HUGH » Topics » Section 6. Representations and Warranties.

This excerpt taken from the HUGH 10-Q filed May 10, 2007.

Section 6.     Representations and Warranties.

(a)     Representations and Warranties of the Company. The Company represents and warrants to the Purchaser as of the date of this Agreement as set forth below.

(i)    It is a company duly organized, validly existing and in good standing under the laws of the State of Delaware. It has full power and authority to execute, deliver and perform this Agreement and to consummate the transactions contemplated hereby, and the execution, delivery and performance by it of this Agreement and the consummation of the transactions contemplated hereby have been duly authorized by all necessary corporate action.

(ii)    This Agreement has been duly and validly executed and delivered by the Company and constitutes a legal and binding obligation of the Company, enforceable against the Company in accordance with its terms.

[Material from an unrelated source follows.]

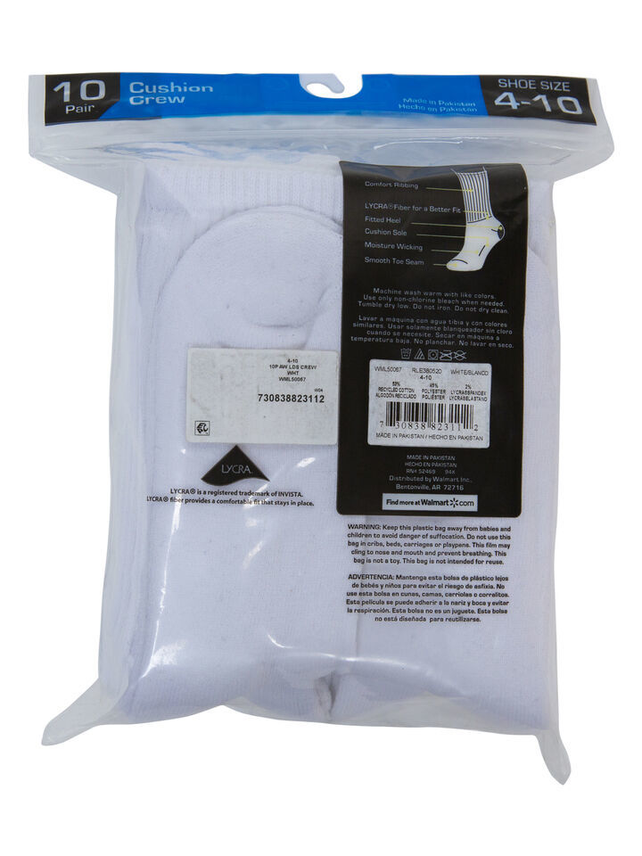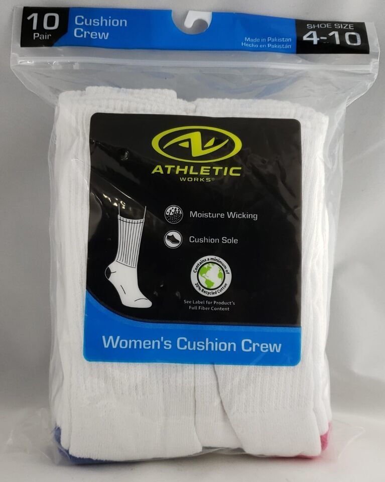 - Athletic Works Women's Crew Sock, 10 Pack White Size 4-10

(iii)    The execution, delivery and performance by the Company of this Agreement and the consummation by the Company of the transactions contemplated hereby will not (A) violate any provision of Law to which the Company is subject, (B) violate any order, judgment or decree applicable to the Company or (C) conflict with, or result in a breach or default under, any term or condition of the Company’s certificate of formation or the LLC Agreement or any agreement or instrument to which the Company is a party or by which it is bound, except for such violations, conflicts, breaches or defaults that would not, in the aggregate, materially affect the Company’s ability to perform its obligations hereunder.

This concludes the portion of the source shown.